1\. Most companies fail. Not "turn into airplanes"; plow into the ground at
terrific speed leaving an unrecognizable smoking crater.

2\. VC investors survive this by investing in a portfolio of companies, not
just one or two.

3\. For the math of a portfolio to work out, the winners have to pay for the
losers.

4\. The majority of the portfolio is losers.

Because they invest so little in such a large portfolio of companies, YC can
afford to cultivate startups that are aiming for 8-digit outcomes. But VC
firms, as a general rule, can't: for your startup's success to make their math
work, you need an outstanding return. They'd rather you return something than
nothing --- _but they wouldn 't rather by much_.

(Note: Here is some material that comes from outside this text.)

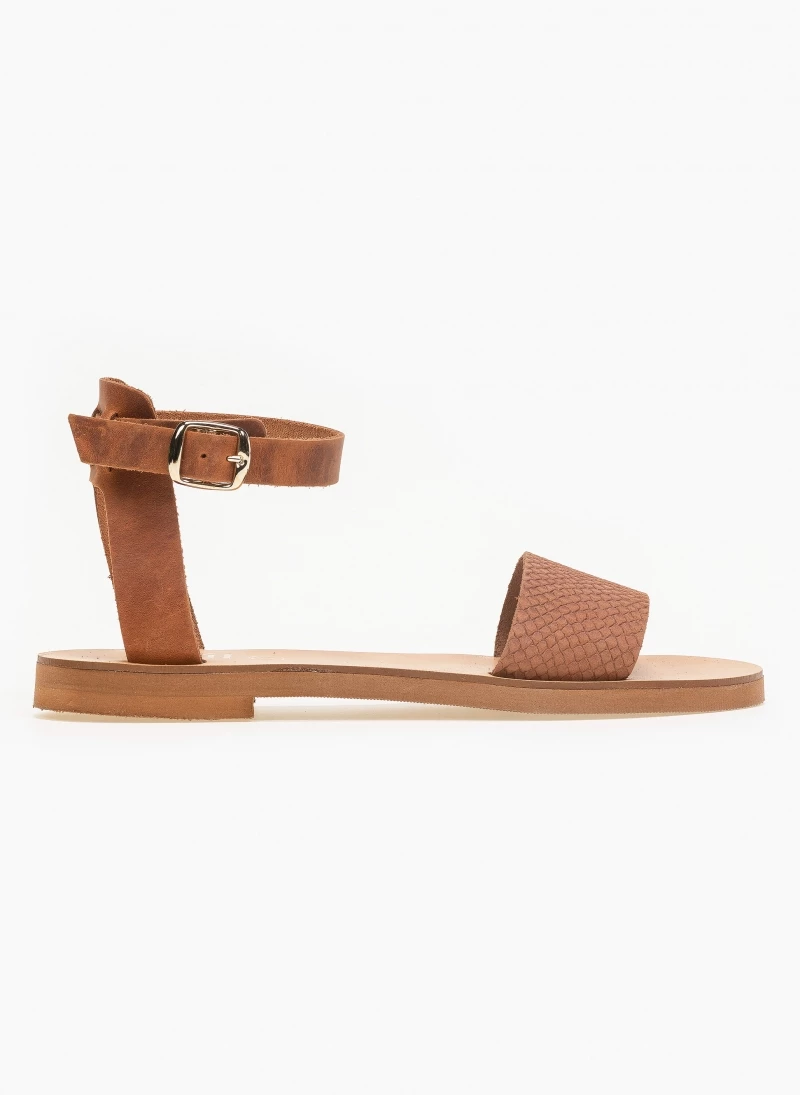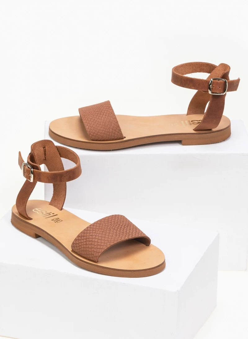 Tfp δερμάτινα ίσια πέδιλα με pattern φίδι. Δένουν με μπαρέτα στο ύψος του αστραγάλου. Ελληνικής κατασκευής, χειροποίητα.

There's a lot not to like about this model, but it's not really a moral
question. There isn't a model where just a couple of investors plow millions
of dollars into your startup all at once where simple mathematics aren't
determining everyone's positions.

So when we talk about the difference between shoot-the-moon companies and
"airplanes" or "lifestyle businesses" or whatever dumb term we're using for
them this week, we'd do well to keep in mind that the people pushing you away
from these kinds of outcomes really don't have a choice.

------
beat
The flip side of this is that if you're not planning on a unicorn, don't get
hitched to the VCs that are hunting unicorns. There are other investors who'd
be quite happy to get that 5x back and build a $100M company, or even a $20M
company.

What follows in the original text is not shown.